Each item in productPairs is one matching job. url must be an http(s) URL and domains must contain 1–20 non-empty domains. Pairs are processed sequentially. requestTimeoutSecs is the total budget for one pair across all reconnects; maxReconnects only bounds consecutive reconnects that make no progress, so a healthy long-running match is not cut short.

Output

One dataset row per target domain, with the sample product's profile inlined:

{
"source_url": "https://www.alza.cz/apple-iphone-17-512gb",
"source_domain": "alza.cz",
"product_name": "Apple iPhone 17 512 GB",
"brand": "Apple",
"model": "iPhone 17 512GB",
"ean": "1949483485734",
"source_price": 27990,
"currency": "CZK",
"image_url": "https://...",
"matched_domain": "datart.cz",
"matched_url": "https://datart.cz/iphone-17-512gb", // null when no confident match
"confidence_score": 0.99,
"method": "sitemap", // sitemap | brave | google | null
"reason": "EAN match",
"decided_by": "ean", // ean | ai_variant_judge | photo | null
"signals": ["ean"], // ean | specs | ai_judge | photo
"matched_fields": [{ "field": "ean", "agree": true }],
"price_candidate": 26490, // observed price on the matched shop
"scraped_at": "2026-06-18T10:00:00.000Z",
"success": true // false when matched_url is null
}

When includeDebug is true, each row also carries the service's _debug block. If a pair fails entirely, one placeholder row per requested domain is written with success: false and an error message.


Use cases

  • Pricing intelligence. Map your product to the same product on competitor shops, then compare prices on pairs you can trust. price_candidate is the observed price on the matched shop; the comparison is yours to make.
  • Competitor monitoring. Track whether — and where — a given product appears across a set of shops over time.
  • Catalog deduplication / matching. Link the same product across two catalogs, variant-correct, with a confidence you can threshold on.

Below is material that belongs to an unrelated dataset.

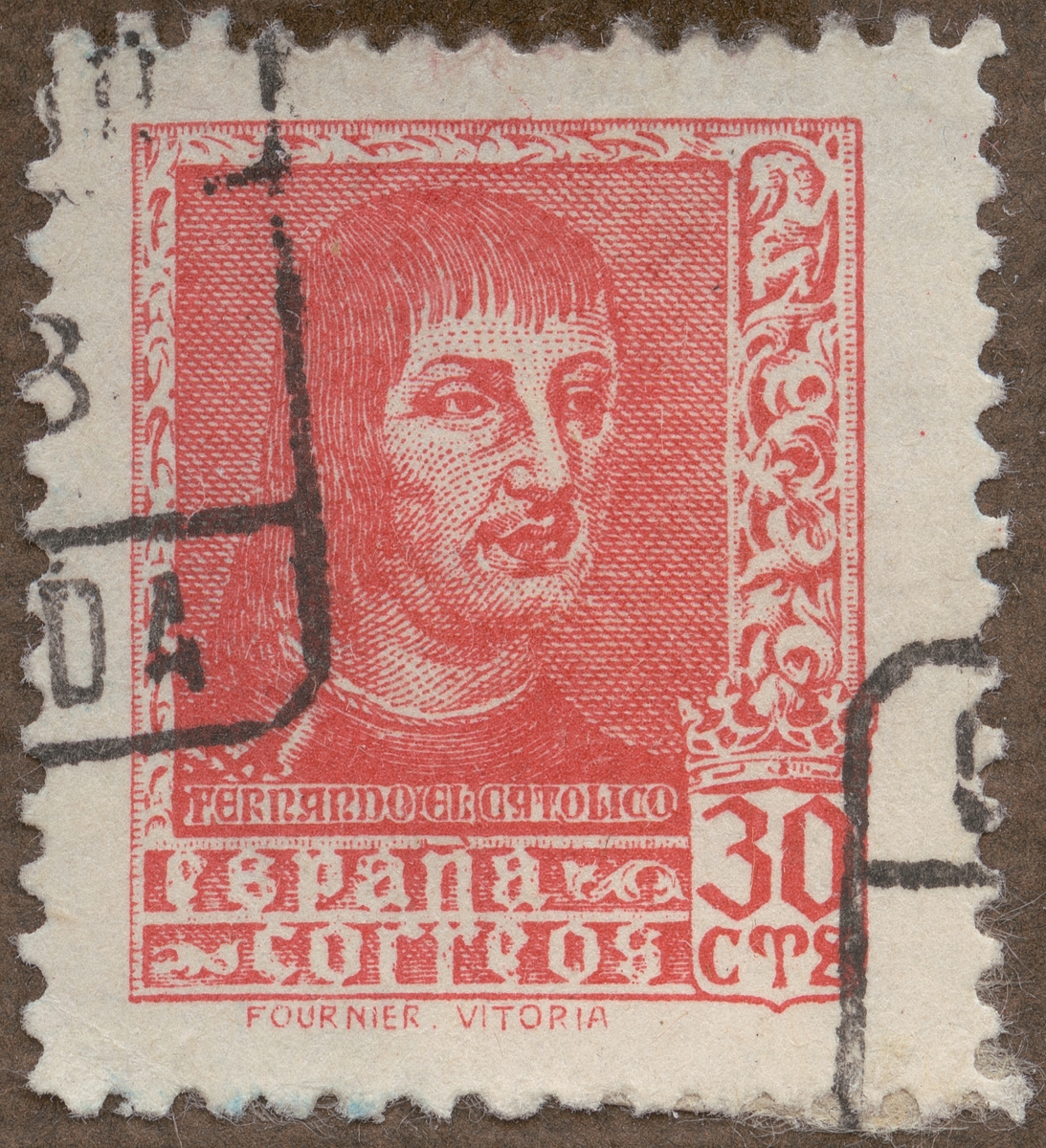Frimärke från Spanien, 1938. Motiv av Ferdinand Catholicus 1452-1516 Kung i Spanien Understödde Columbus:s resor.

It is built for correctness on the hard cases (variants, refurbished, near-misses), not for sheer volume. Pick it when getting the pair right matters more than getting a pair at any cost.


Pricing — two tiers

This actor uses Pay Per Event, with two events:

  • shop-checked — a small fee for each shop we check.
  • successful-match — the main fee, charged additionally when a product is confirmed on a shop (a success: true row with a matched_url, confidence above the threshold).

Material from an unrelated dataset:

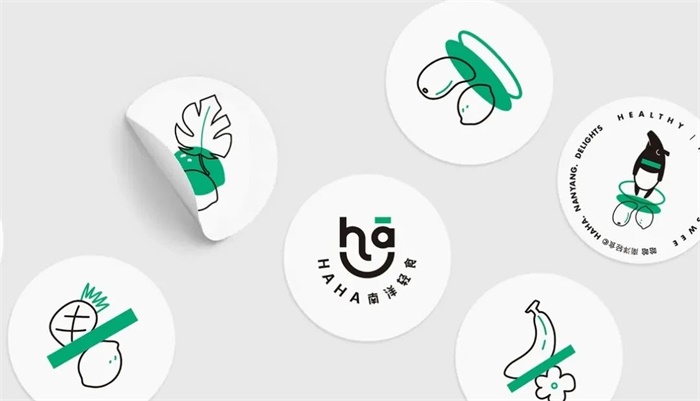 南洋輕食LOGO設(shè)計以字體線條為主,通過加粗和顏色搭配顯得清新簡單,色調(diào)上以白色和綠色為主,黑色線條勾勒出食材和IP的形象,綠色作為恰到好處的點(diǎn)綴,IP形象像借鑒了南洋特色生物馬來貘,乖巧又無措地站立著萌點(diǎn)十足。

The shop-checked fee pays for discovery, not for a miss. Most matchers take two finished catalogs you already have and pair them. This one does not assume you have the other side — it goes and finds the product on each shop itself: web search, anti-bot fetch, vision, multi-signal verification (EAN/GTIN, specs, AI variant judge, photo). That search is the expensive part, and it runs in full whether or not the product turns out to be on the shop. So you pay a small fee per shop checked for that work, and the main fee only when a shop yields a confirmed match.

To be clear upfront: a shop where we find nothing still costs the shop-checked fee, because the discovery work was done there too. A confirmed match costs shop-checked + successful-match.

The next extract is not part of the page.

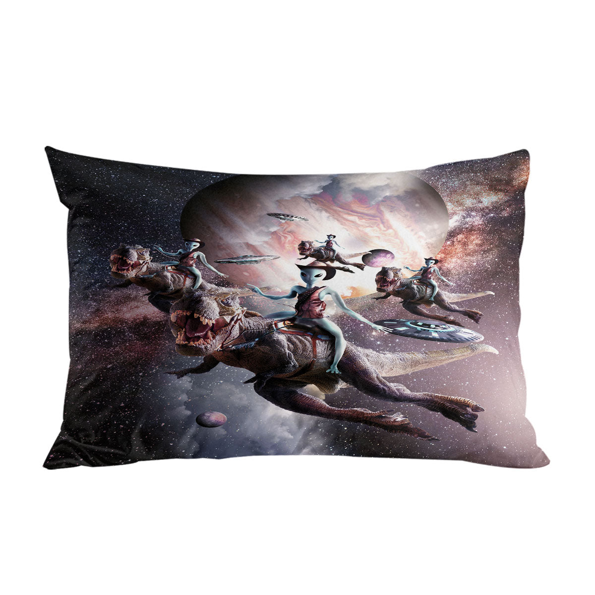 Pillowcases with Awesome Cool Art Alien Riding Dinosaur in Space

No flat fee. No per-SLA pricing. You are billed per event, for work actually done. The current price of each event is in the Apify Console pricing tab.


When NOT to use this

I would rather you not waste money, so:

  • You already have both full catalogs (your products + theirs), cleanly keyed. Then you do not need discovery — a plain dataset-to-dataset matcher is cheaper. This actor earns its price when you don't have the other side and need it found and verified.
  • You only have a handful of one-off products. Just paste them into the data.hilgard.cz UI and read the result. No actor run needed.
  • You want the cheapest possible "good enough" matching at huge volume. This one optimizes for being right on hard variants, not for being the cheapest. If a few wrong pairs in a thousand are acceptable to you, a lighter tool will cost less.

If the correctness story above is not what you need, one of these is the better call.


About

Built on the data.hilgard.cz matching engine — the same self-healing stack that does anti-bot fetching, model-by-meaning extraction, and independent verification, applied to cross-shop matching.

By Jan Hilgard (founder of Hosting90, acquired; core contributor to vllm-mlx). The precision-first stance is deliberate: I would rather ship a matcher you can trust on the hard cases than one that always answers.

Development

npm install
npm run build # tsc → dist/
npm run start:dev # tsx src/main.ts, reads .actor/INPUT.json